Apple always emphasizes treating all developers equally in the App Store – no matter how big or how small. In the course of the large-scale proceedings between Epic Games and the iPhone manufacturer, internal e-mails have now appeared again, suggesting a different approach. For example, the streaming giant Netflix is ​​said to have received special treatment from the app store team, reports the IT blog The Verge after reviewing the documents from the Epic vs Apple process.

It’s supposed to be early on “unique arrangement” between Apple and Netflix have given, through which the video service only had to pay 15 instead of the usual 30 percent commission on subscription fees. Reduced rates are now part of Apple’s official app store rules for video services. But the deal with Netflix is ​​significantly older. Apple is said to have tried the 15 percent rule for the service in 2018 extendwhich existed well before the so-called “Apple Video Partner Program”.

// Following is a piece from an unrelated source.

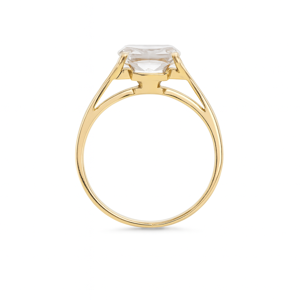 Złoty pierścionek z dużą cyrkonią w czterech łapkach

This in turn shows that Apple was ready at an early stage to conclude special agreements with major customers that were not available to small developers who continued to dutifully pay their 30 percent commission in the first year of subscription per user.

More from Mac & i

More from Mac & i

More from Mac & i

The internal Apple emails also show that the company has considered enabling so-called sideloading on the iPhone. This allows users not only to get apps from the App Store, but also to use the web and other ways to install programs on their iPhone. Apple officially prevents this – in contrast to Google for Android, for example. Most recently, Apple boss Tim Cook even had one Interview claims sideloading is a “back door”. This could be used by attackers to gain access to the system, as can be seen in ransomware attacks on PCs.

But as early as 2009 – a year after the App Store was launched – Apple is said to have considered whether to “ever allow developers to sell their apps themselves and bypass our store”. As early as May 2008, the then CEO Steve Jobs released a language regulation on how the iPhone should report when an app is installed via a different route than the App Store. Interestingly, Jobs preferred a prompt that did not indicate that the app did not come from the App Store.